Yeah, funny how that works like that 😏


----------



## ifsteve (Jul 1, 2010)

Another true story.

A month or so before I retired I was with the usual group of guys at work having lunch in our cafeteria. Conversation pretty much centered on my pending retirement and getting to do more fishing. One of the guys also was a fishing buddy and he asked me if I had gotten the new reel I ordered. I said as a matter of fact it should be here today. All the group knew I took my fishing pretty serious so the conversation turned to what reel I was getting. I said I was adding another Abel to my collection. So the fishing buddy told the others that they are a "pricey and very top of the line reel." So one of the guys who was a non fisherman asked "do you mind telling us about what it costs." To which I replied well its no secret they retail for right at $900. Well the non fishing guy started to gasp and said 'are you freaking insane.....that much money for a stupid fishing reel." I just chose not to respond but another non fishing guy jumped in and said to him "John how much was that titanium road bike you just bought....wasn't it like $5000? Well John started to explain how that was "different" then realized how stupid he was sounding and finished the discussion by saying its "cool we have the jobs and make the kind of living that enables us to do the things we love." AMEN!


----------



## tailwalk (Nov 20, 2016)

To me it depends on the application. Need a reel for tarpon, tuna, albies, or some other fish that's absolutely going to be screaming line off your reel?
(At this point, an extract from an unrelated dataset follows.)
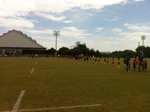 1日遅れましたが、日曜日に開催された第6回 熊野カップの結果報告です。晴天となりものすごく暑くなった今大会でしたが、気温に負けない、とても熱い試合が多くすばらしい大会となりました。鈴鹿RSの生徒達は今回の大会に間に合せたNewジャージを身にまとい、グラウンドを『勇気』と『集中』のスローガンを胸に、成長してきた姿を私達にみせてくれました。うれしい結果、悔しい試合、色々ありましたが最初から最後まで誰も諦めていない姿に感動させて貰いました。【Cグレード 試合内容】・Cグレードは昨年度鈴鹿RSが優勝しており、今回は2連覇が掛かってました。 結果ものの見事に全勝で優勝を勝ち取り2連覇を達成しました。 Cグレードの皆、優勝おめでとう!Cグレード来年は3連覇だ!今回から鈴鹿RSはカップと賞状等はその大会でのMVP選手がスクールの代表として持ち帰れる、マンオブザマッチ制度を導入!優勝カップと賞状を勝ち取ったのは…2年生のこの二人、おめでとう! 【Bグレード 試合内容】・今年のBグレードは全てのゲームが大接戦! 好ゲーム連発でどのゲームも見応え十分でした。 やるべき課題が明確になり、みんな秋の県大会でのリベンジを誓っていました。Bグレード生徒諸君今日の悔しさを忘れず、これからの練習頑張ろう。秋の県大会で雪辱や!!【Aグレード 試合内容】・Aグレードは1試合目、成長の証を発揮してくれ格上のうめぼしJr に対し一歩も引かない試合をしてくれ、 後半開始すばらしい集中力で連続攻撃からTRYをとりきり同点に! しかしそこから突き放され敗退、2試合目の四日市RSとの試合は 連戦となってしまい、試合開始から動きが鈍く大敗。 敗れはしたものの最後まで諦めず、格上の相手に向かって行く 姿に感動させてもらいました。 予選リーグ全敗してしまい、5位6位決定戦にまわったAグレードでしたが 最終戦は気持ちを入れかえ、キックオフからノーサイドのホイッスルが鳴るまで 誰一人集中力をきらす事無く、最高の試合を見せてくれました。Aグレード 生徒諸君!今回の熊野カップは自分達の課題がはっきり見えたと思う。秋までに強化すべき課題はわかったので、これからの練習『勇気』と『集中』を忘れずに頑張って行こう!最後は全員で記念撮影!みんなNewジャージに負けてへん!めっちゃかっこええぞ!最後に熊野市ラグビー協会の皆様、参加された各RSの皆様ありがとうございました。コマツ様 差し入れ頂きありがとう御座いました。それと毎月合同練習で御世話になっている、津・高虎RSの皆様、Aグレード初優勝おめでとうございます。今後も合同練習で御力添え頂けます様よろしくお願い致します。

It's going to need to stand up to some abuse. Need a reel for your 2 weight to chase wild brook trout in a stream? All you'll need is a line holder pretty much. So, pick the right tool for the right job. Cost is secondary imo. Will it worth the savings when you're hooked up to the dream fish and your drag blows up? Will you have needed to spend all that money to be able to collect the 30 feet of fly line you've been casting up and down the stream? Up to you


----------



## fatman (Nov 23, 2012)

tailwalk said:


> Need a reel for your 2 weight to chase wild brook trout in a stream? All you'll need is a line holder pretty much.


Tenkara


----------



## tailwalk (Nov 20, 2016)

Or that


----------



## jmrodandgun (Sep 20, 2013)

Someone should go buy one these $900 click and pawl saltwater reels and report back. I've been wanting one for a long time and finally someone is building something awesome.
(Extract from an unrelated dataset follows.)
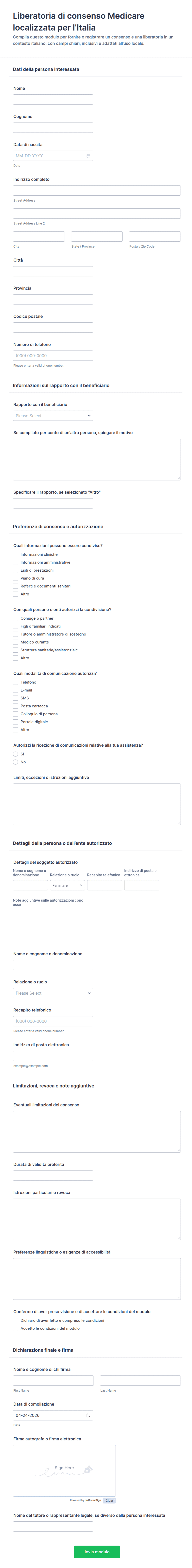 I moduli di consenso medico sono utilizzati negli ambienti sanitari per ottenere l'esplicita autorizzazione di un paziente prima di eseguire procedure mediche, trattamenti o condividere informazioni sanitarie sensibili. Questi moduli garantiscono che i pazienti siano pienamente informati sui rischi, i benefici e le alternative associate a un particolare intervento medico e che accettino volontariamente di procedere. I moduli di consenso medico sono comunemente utilizzati per interventi chirurgici, test diagnostici, vaccinazioni, consultazioni di telemedicina e il rilascio di cartelle cliniche. Svolgono un ruolo critico nel proteggere sia i pazienti che i fornitori di assistenza sanitaria documentando il consenso informato e rispettando gli standard legali ed etici.

Reels - Cubalaya Outfitters







cubalayaoutfitters.com


----------



## Micro Thinfisher (Jan 27, 2018)

Finn Maccumhail said:


> When I started fly fishing I used pretty budget-friendly gear and often made deals for used stuff. It was fine for chasing bass and slot reds (or under) but the first time I tied into a big jack on what I thought was a pretty good Lamson reel I bought off Sierra Trading Post the thing practically blew up when put to the test. Fortunately about that time I was able to afford upgrades to my gear and I didn't hesitate.
> 
> These days I make no bones about being a Tibor guy. All of my primary rigs for 6, 8, 10, and 12wts are all Tibor- Backcountry CL-Wide, Everglades, Riptide, and Gulfstream. Eventually I'll get a Pacific for my 15wt to replace the Allen Kraken but I don't have enough chances to use it to justify it to myself right now. And I've upgrade my secondary rigs too. I'm 100% confident I'll be the point of failure in most fish I'm after (I've broken a few rods on tarpon, mainly through my mistakes but it happens with tarpon) and I know those classic Tibor reels are basically bulletproof and with proper care I know they will last almost forever. Personally, I think the only reels made today that are better than these classic Tibor are the Mako lineup but there's a point of diminishing returns, IMHO. In other words, I'm not sure the difference in performance between a similar sized Tibor and Mako would be something I'm good enough to appreciate given the increased price of the Mako over a Tibor.
> 
> And I really like the idea that when the time comes my now 10 & 6-year old boys will likely land their first tarpon on the same Tibor Gulfstream I used for my first tarpon.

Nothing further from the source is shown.